(a) No supplier shall require or prohibit any change in management personnel of any dealer unless the current or proposed management or personnel fails to meet reasonable qualifications and standards required by the supplier for its dealers.
(b) No supplier shall engage in any action with respect to a dealer which is arbitrary, in bad faith, or unconscionable and which causes damage to the dealer.
(c) No supplier, without notice to existing dealers, shall enter into a dealer agreement with another dealer who intends to conduct its dealership operations from a place of business within the relevant market area of an existing dealer or dealers representing the same line of heavy equipment. The appointment of a successor dealer at the same location as its predecessor or within a two-mile radius therefrom within two years from the date on which its predecessor ceased operations or was terminated, whichever occurred later, shall not be construed as the entering into of an additional dealer agreement. Any supplier which intends to enter into a dealer agreement with another dealer in the relevant market area, at least 60 days prior to entering into such dealer agreement, shall give written notice of its intention to do so to each dealer of the same line make within the relevant market area. The notice shall state the date on or after which such proposed dealer agreement shall be entered into. Prior to the date set forth in the notice on or after which such dealer agreement will be entered into, any dealer in the relevant market area may file a civil action to determine whether the additional dealer agreement is unreasonable in which action the supplier shall have the burden of proof that the action is not unreasonable. No bond shall be required as a precondition to entry of an injunction enjoining the entering into of the additional dealer agreement. In determining whether an additional dealer agreement is unreasonable, the court shall consider all pertinent circumstances, including the following:
(1) Whether the establishment of another dealer is warranted by economic and marketing conditions including anticipated future changes.
(2) The past, present, and anticipated retail sales and service business transacted by the objecting dealer or dealers and other dealers of the same line make with a place of business in the relevant market area.

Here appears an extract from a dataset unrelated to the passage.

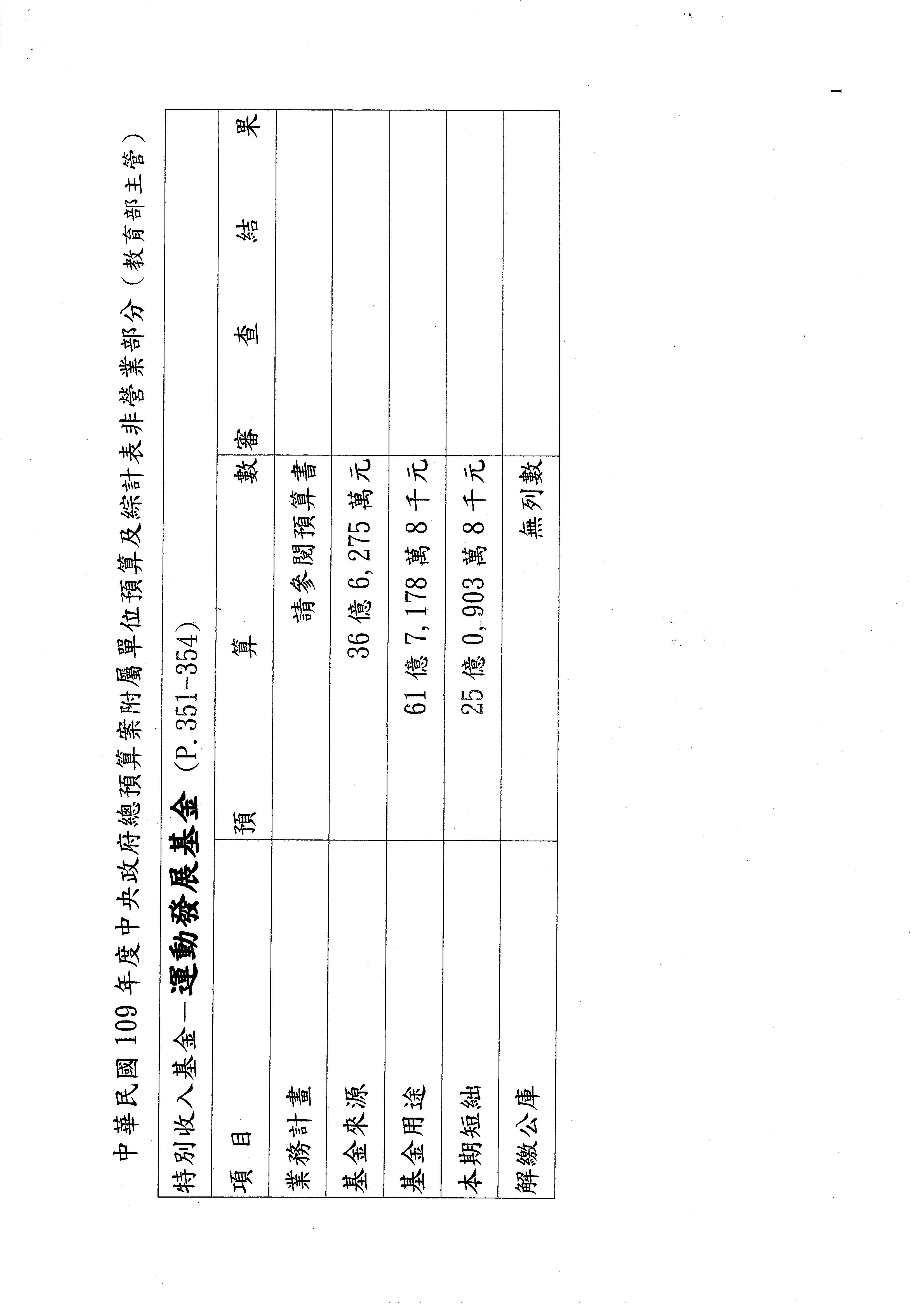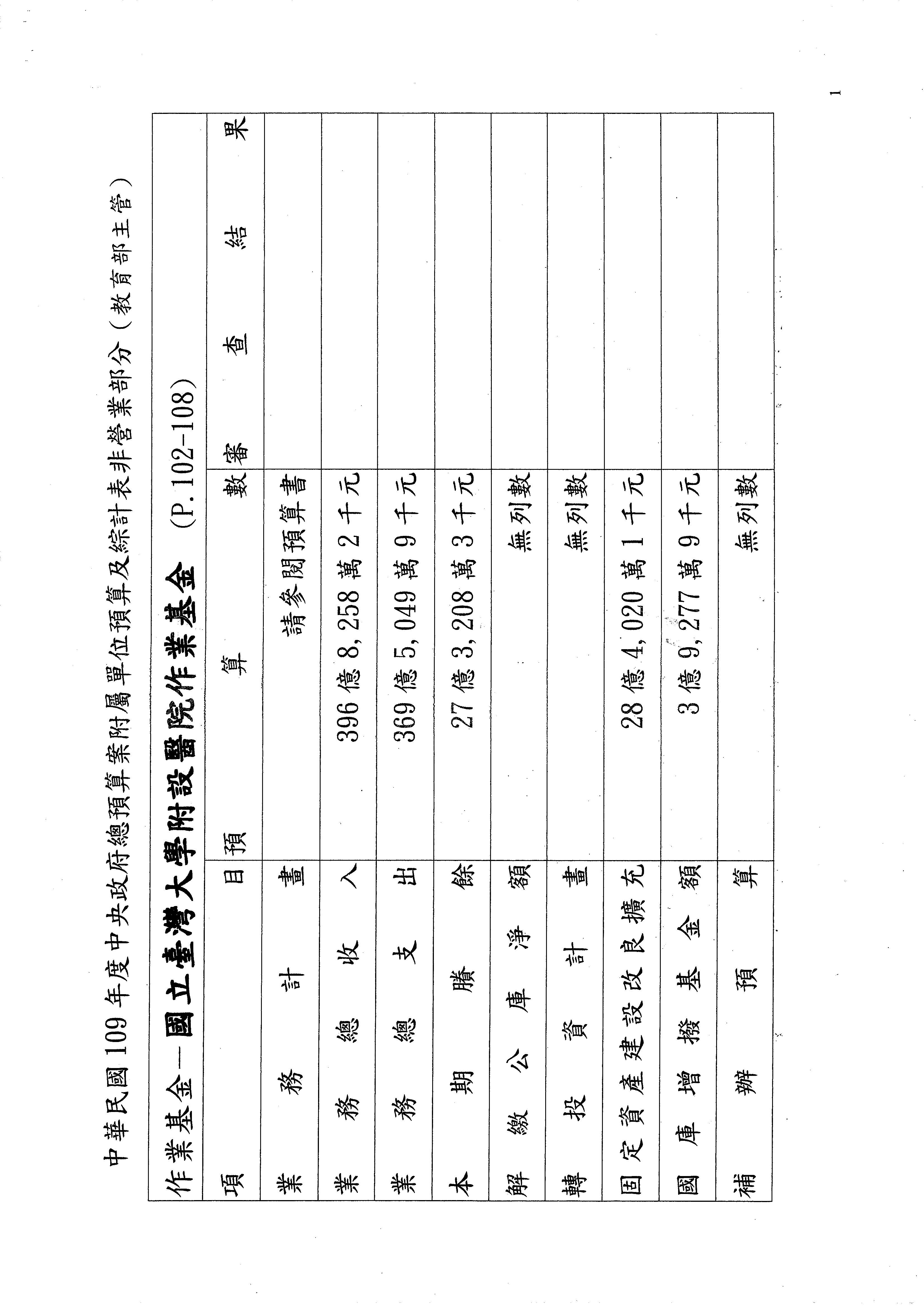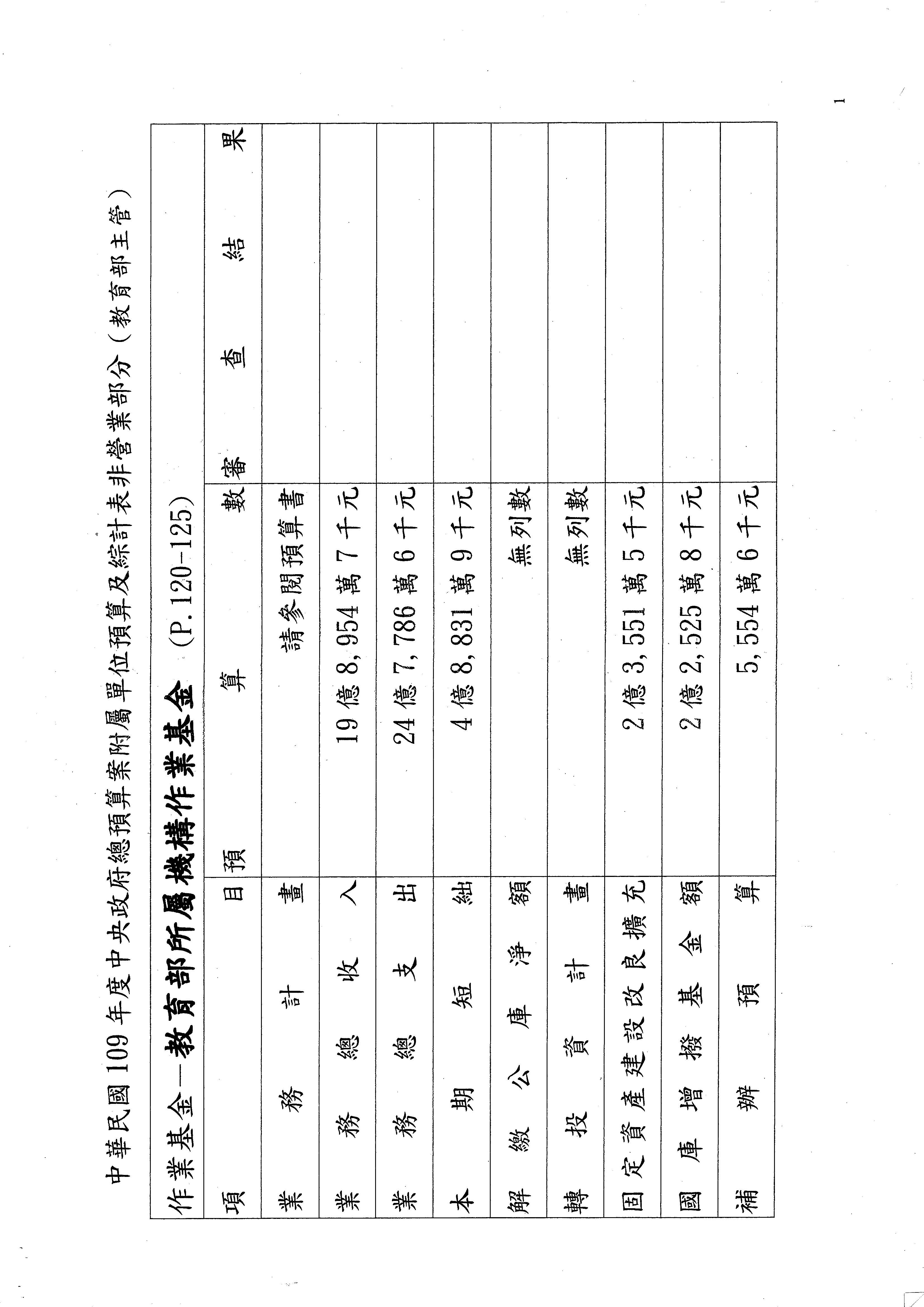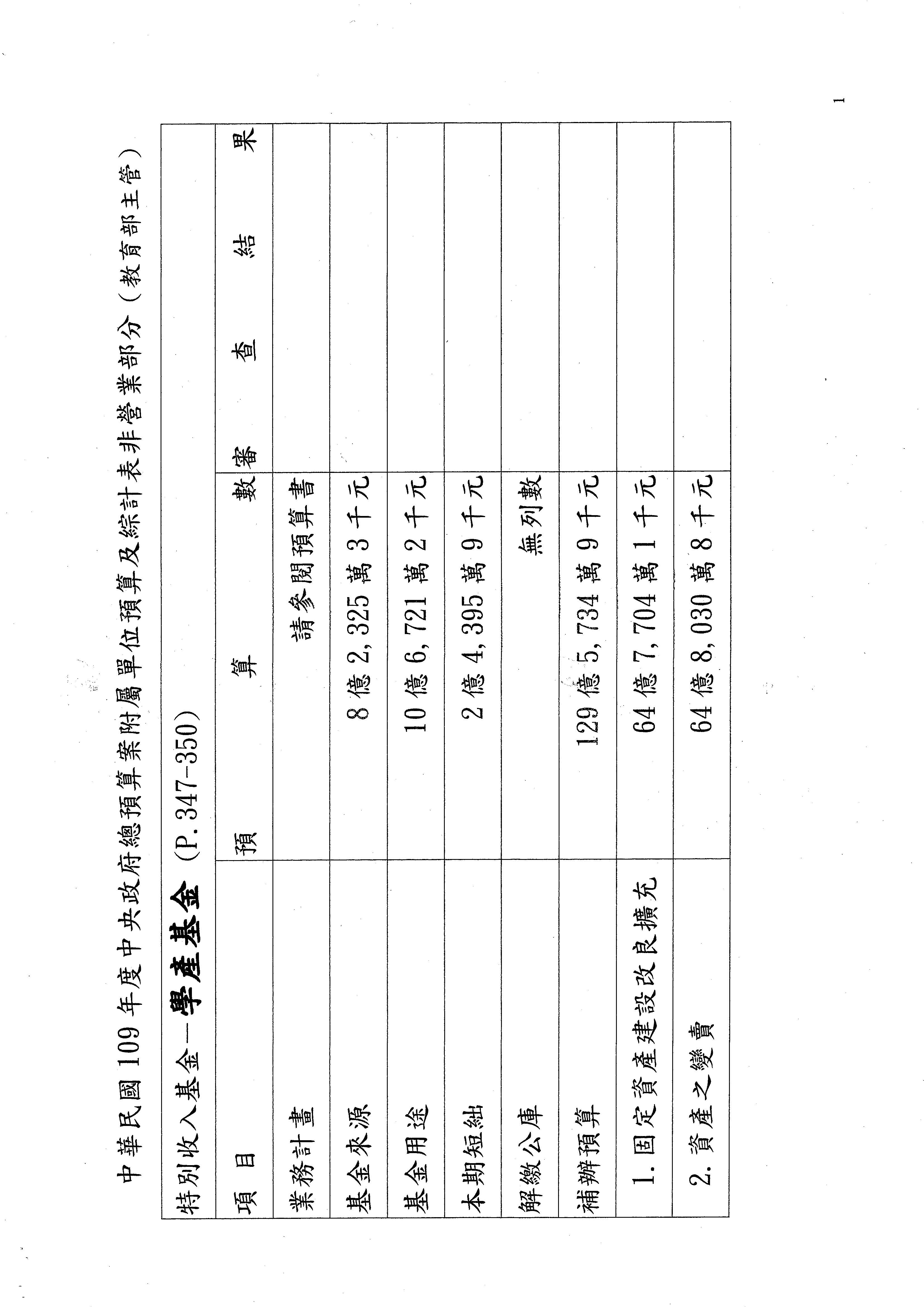 二、繼續審查109年度教育部主管48所國立大學校院校務基金、國立臺灣大學附設醫院作業基金、國立成功大學附設醫院作業基金、國立陽明大學附設醫院作業基金、教育部所屬機構作業基金、國立高級中等學校校務基金、學產基金、運動發展基金、大專校院轉型及退場基金。

(3) The investment made and obligations incurred by the objecting dealer or dealers and other dealers of the same line make with a place of business in the relevant market area.
(d) No supplier shall require a dealer to prospectively assent to a release, assignment, novation, waiver, or estoppel which would relieve any person from any liability or obligation under this chapter, which would limit the entitlement to recover damages under this chapter or other Alabama law, or which would waive the right to trial by jury. Any provision or agreement purporting to do so is void and unenforceable to the extent of the waiver or release. Nothing in this chapter shall be construed to limit or prohibit good faith settlements of disputes voluntarily entered into between the parties.
(e) No supplier shall willfully discriminate, either directly or indirectly, in price, programs, or terms of sale offered to dealers in this state when the effect of such discrimination may be to substantially lessen competition or to give one dealer who has a dealer agreement with the supplier any economic, business, or competitive advantage not offered to other dealers who have dealer agreements with such supplier.